◆ Instructions for the task
The answer is the line containing "Collaborative sneaker by" plus every line after it to the end of the material, retyped exactly and without the pictures.

══ Supplied information

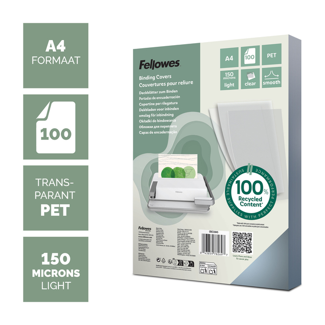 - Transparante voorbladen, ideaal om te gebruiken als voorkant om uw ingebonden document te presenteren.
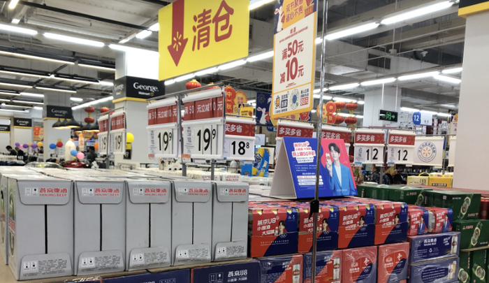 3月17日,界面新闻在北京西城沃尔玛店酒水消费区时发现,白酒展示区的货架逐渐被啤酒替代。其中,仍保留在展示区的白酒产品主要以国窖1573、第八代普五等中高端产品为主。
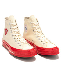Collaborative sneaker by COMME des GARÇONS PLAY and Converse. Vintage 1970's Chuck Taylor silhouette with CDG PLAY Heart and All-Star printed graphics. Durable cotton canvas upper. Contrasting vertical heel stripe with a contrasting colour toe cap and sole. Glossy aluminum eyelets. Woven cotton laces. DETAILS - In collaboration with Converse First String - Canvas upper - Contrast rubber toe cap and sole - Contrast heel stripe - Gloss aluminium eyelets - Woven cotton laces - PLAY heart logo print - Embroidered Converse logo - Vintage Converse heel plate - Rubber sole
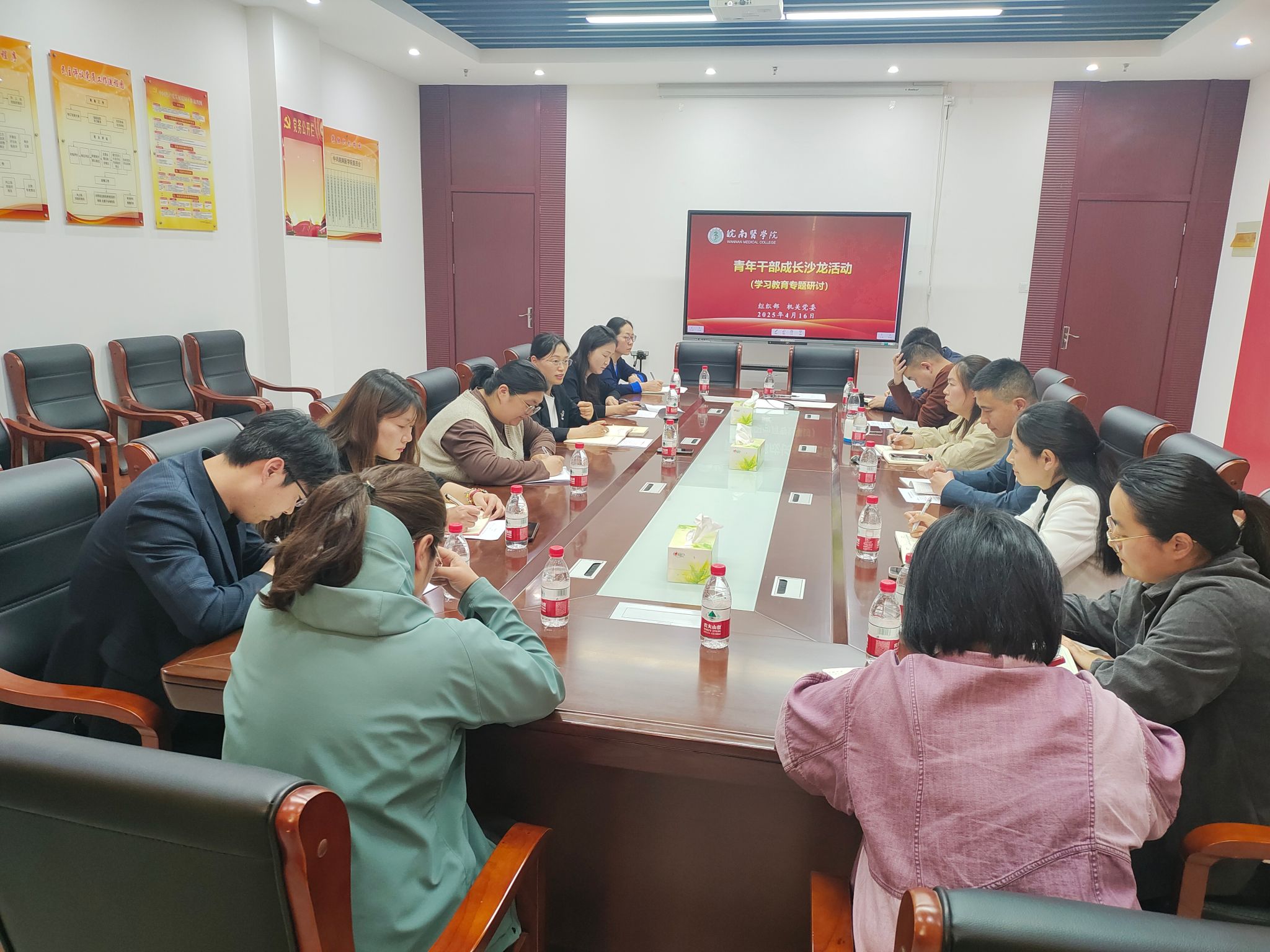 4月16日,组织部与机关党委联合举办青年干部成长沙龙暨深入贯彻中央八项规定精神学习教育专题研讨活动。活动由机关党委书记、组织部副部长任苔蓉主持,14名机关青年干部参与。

════

◆ Problem solution
Collaborative sneaker by COMME des GARÇONS PLAY and Converse. Vintage 1970's Chuck Taylor silhouette with CDG PLAY Heart and All-Star printed graphics. Durable cotton canvas upper. Contrasting vertical heel stripe with a contrasting colour toe cap and sole. Glossy aluminum eyelets. Woven cotton laces. DETAILS - In collaboration with Converse First String - Canvas upper - Contrast rubber toe cap and sole - Contrast heel stripe - Gloss aluminium eyelets - Woven cotton laces - PLAY heart logo print - Embroidered Converse logo - Vintage Converse heel plate - Rubber sole
 4月16日,组织部与机关党委联合举办青年干部成长沙龙暨深入贯彻中央八项规定精神学习教育专题研讨活动。活动由机关党委书记、组织部副部长任苔蓉主持,14名机关青年干部参与。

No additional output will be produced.